I am looking to read off my augPred plot in order to average out the values to provide a prediction between a time period.
> head(tthm.groupeddata)
Grouped Data: TTHM ~ Yearmon | WSZ_Code
WSZ_Code Treatment_Code Year Month TTHM CL2_FREE BrO3 Colour PH TURB Yearmon
1 2 3 1996 1 30.7 0.35 0.00030 0.75 7.4 0.055 Jan 1996
2 6 1 1996 2 24.8 0.25 0.00055 0.75 6.9 0.200 Feb 1996
3 7 4 1996 2 60.4 0.05 0.00055 0.75 7.1 0.055 Feb 1996
4 7 4 1996 2 58.1 0.15 NA 0.75 7.5 0.055 Feb 1996
5 7 4 1996 3 62.2 0.20 NA 2.00 7.6 0.055 Mar 1996
6 5 2 1996 3 40.3 0.15 0.00140 2.00 7.7 0.055 Mar 1996
This is my model:
modellme<- lme(TTHM ~ Yearmon, random = ~ 1|WSZ_Code, data=tthm.groupeddata)
and my current plot:
plot(augPred(modellme, order.groups=T),xlab="Date", ylab="TTHM concentration", main="TTHM Concentration with Time for all Water Supply Zones")
I would like a way to read off the graph by either placing lines between a specific time period in a specific WSZ_Code (my group) and averaging the values between this period...
Of course any other way/help or guidance would be much appreciated!
Thanks in advance
I don't think we can tell whether it is "entirely incorrect", since you have not described the question and have not included any data. (The plotting question is close to being entirely incorrect, though.) I can tell you that the answer is NOT to use abline, since augPred objects are plotted with plot.augPred which returns (and plots) a lattice object. abline is a base graphic function and does not share a coordinate system with the lattice device. Lattice objects are lists that can be modified. Your plot probably had different panels at different levels of WSZ_Code, but the location of the desired lines is entirely unclear especially since you trail off with an ellipsis. You refer to "times" but there is no "times" variable.

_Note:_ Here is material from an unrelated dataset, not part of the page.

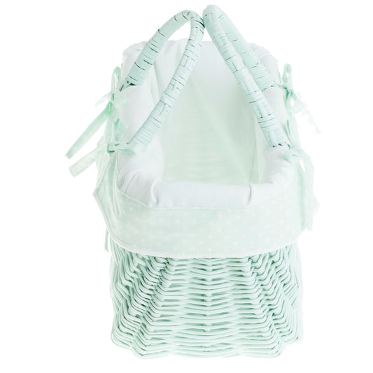 Ten wiklinowy kosz z obszyciem, utrzymany w kolorze miętowym, ma formę torby z gęstym, falistym splotem oraz podwójnymi, łukowatymi uchwytami. Rant jest starannie wywinięty, a ścianki płynnie przechodzą w stabilne dno. Całość uzupełniają dekoracyjne, wiązane kokardki z przodu, które nadają koszowi subtelnego, kobiecego charakteru. Lekka, a zarazem solidna konstrukcja pewnie chroni zawartość.

There are lattice functions such as trellis.focus and update.trellis that allow one to apply modifications to lattice objects. You would first assign the plot object to a named variable, make mods to it and then plot() it again.
help(package='lattice')
?Lattice
(If this is a rush job, you might be better off making any calculations by hand and using ImageMagick to edit pdf or png output.)